March 3, 2020

The Future Needs Science. The U.S. Elections Need You.

Posted by Caitlin Bergstrom

AGU is launching the Science Votes the Future campaign to get candidates speaking about science and to get scientists to the polls.


With the 2020 U.S. election season well underway—not just for the president but for many other national, state, and local elections—we haven’t heard enough about the essential role that science plays in our society. Scientific research is a critical part of understanding how climate change will affect our lives, addressing and preparing for natural hazards like hurricanes and earthquakes, and of supporting our economy—science, technology, engineering, and math (STEM) skills are needed for 67% of jobs in the United States today.


With the crucial role that science plays in society, scientists should be speaking up during elections to make sure these issues are covered by the candidates and that their colleagues and anybody who cares about science are voting.
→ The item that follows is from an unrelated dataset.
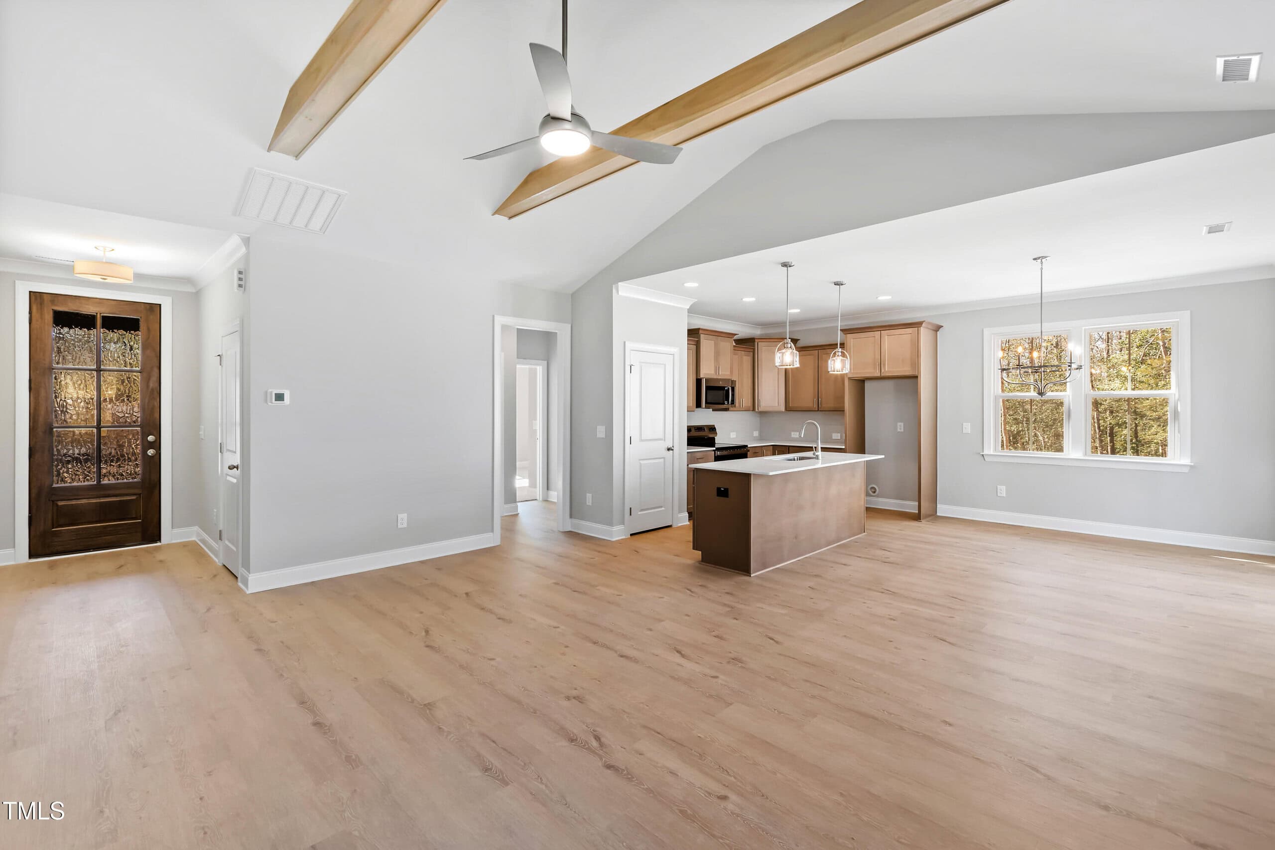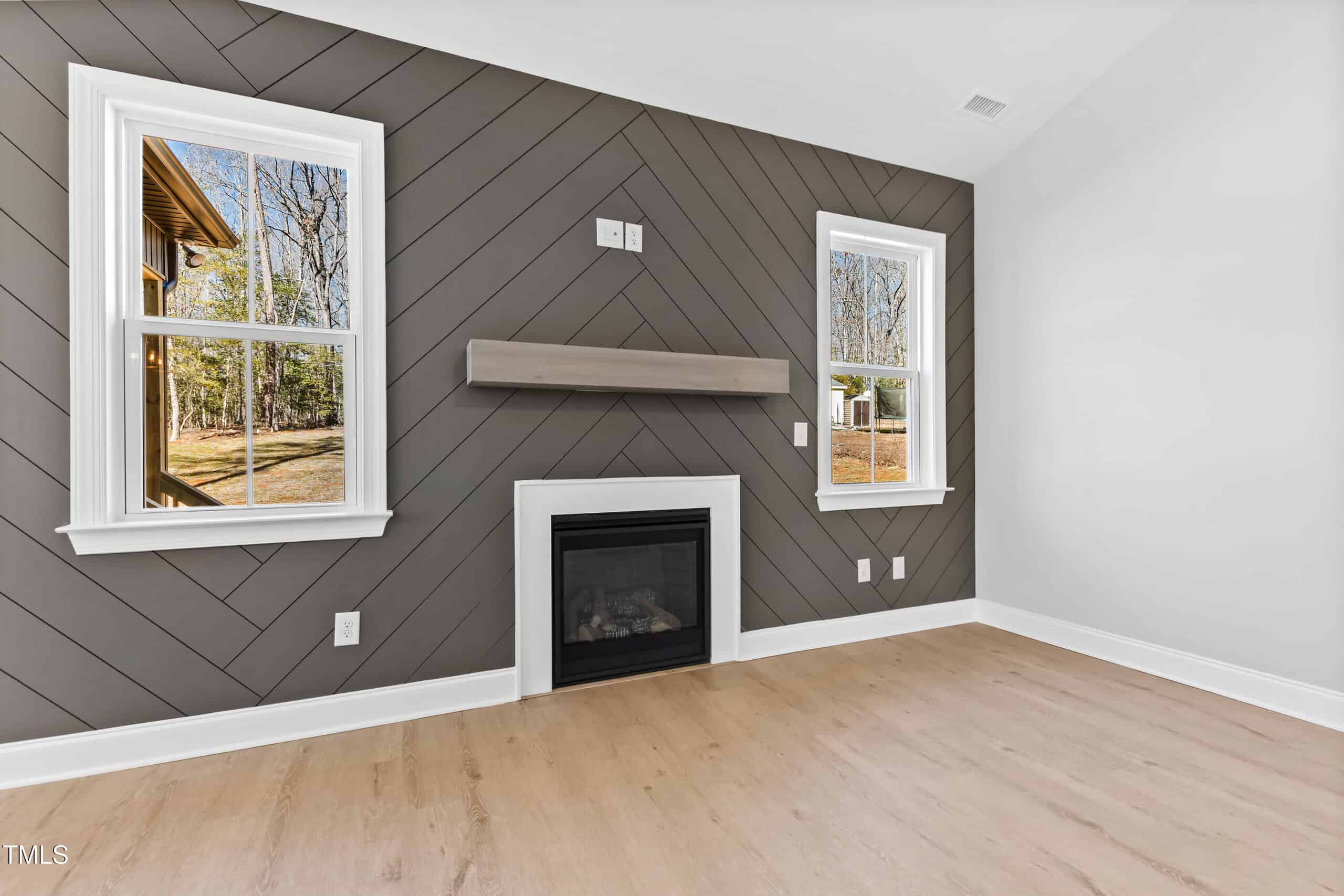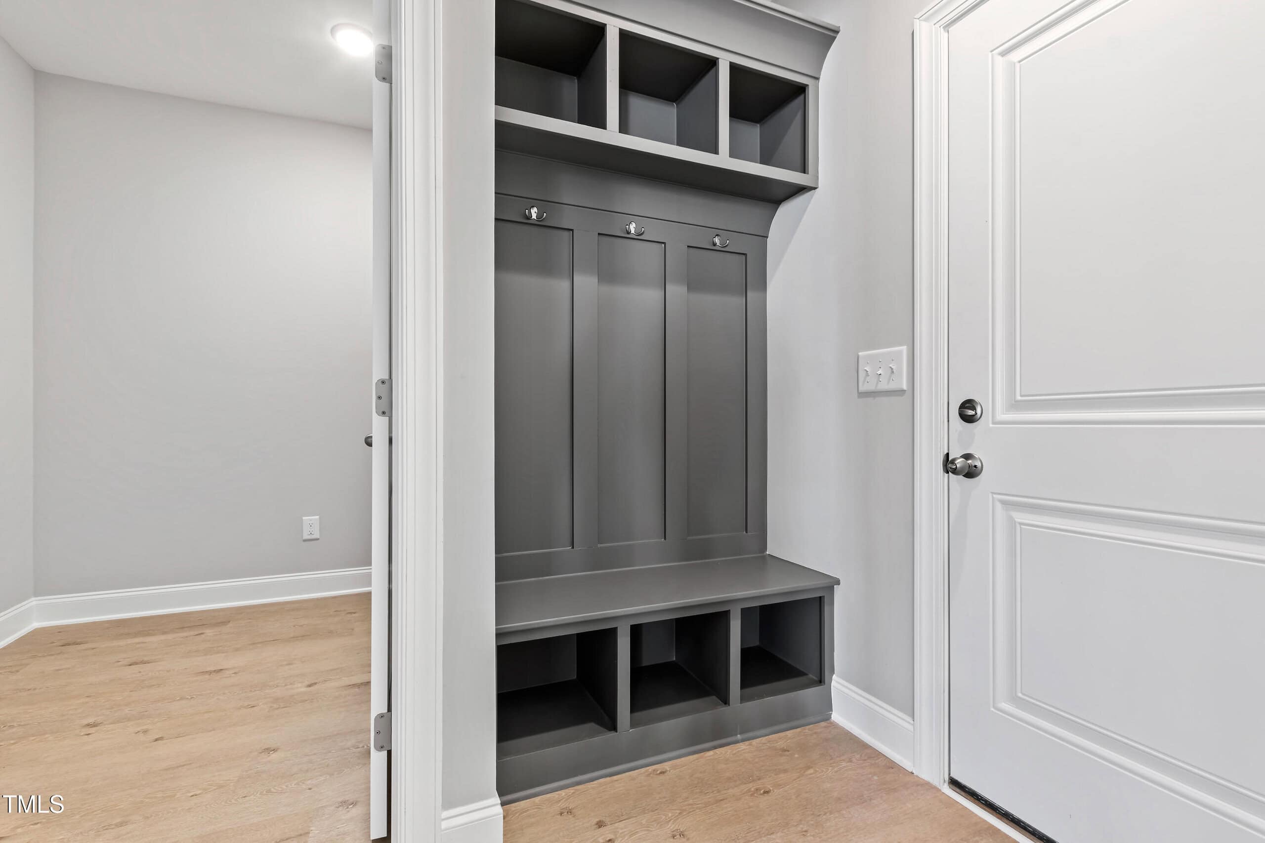 The open-concept family room is a perfect gathering space, showcasing a chevron shiplap accent wall surrounding the cozy 32” fireplace, along with eye-catching 2×6 dropped accent ceiling beams and a ceiling fan. Additional features include a mudroom with a bench and drop zone off the garage, a slider leading to a covered porch, two generously-sized secondary bedrooms, and a large laundry room. This home truly has it all!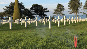 Từ nơi này đi bộ hai cây số đến nghĩa trang đồng minh ở làng Ranville, ngôi làng đầu tiên trên đất Pháp được giải phóng sau khi người lính Dù chiếm giữ cầu Pegasus. Trên bản đồ là nghĩa trang của Anh, nhưng ở góc bên trái từ cổng vào có 330 bia mộ người lính Đức, chia cùng mảnh đất nghĩa trang với 2.235 người lính nhảy dù thuộc quân đội Anh, Úc, New Zealand, Bỉ, Pháp, Ba Lan…

Yet in 2018, only 34% of STEM students voted, lower than the voting rate for students of any other academic field.


To increase the representation of scientists at the polls and provide ways for scientists to speak up for science, AGU is launching the Science Votes the Future campaign. The campaign features tools to get your fellow scientists to polls and a 2020 Voter Pledge. We will make it easy to share scientific information with people running for office in your district, from talking points on key science issues to ideas for ways to engage with the candidates and your community.  Science Votes the Future aims to help scientists engage in the election process, highlighting the need for candidates at all levels to include science as part of their platform.


In March, we want to get scientists to the polls. Sign up and share our 2020 Voter Pledge to receive reminders about your state primaries. If you want to get more involved, we have information to get to your candidates about climate change, health, natural hazards, STEM education, and other science topics. In the months to come, we’ll highlight how to volunteer with a campaign, attend district events, and get out the vote.


With this effort, AGU aims to increase the percentage of scientists and STEM students who vote in the 2020 elections. We hope to see a greater number of scientists engage with candidates and elected officials and to hear more candidates discuss the value and importance of science.


AGU would also like to hear from any of you who are inspired by Science Votes the Future to act—whether that is voting, engaging with candidates, or encouraging your colleagues.  Ultimately, we hope that this is just the beginning of a greater voice for scientists in the election process.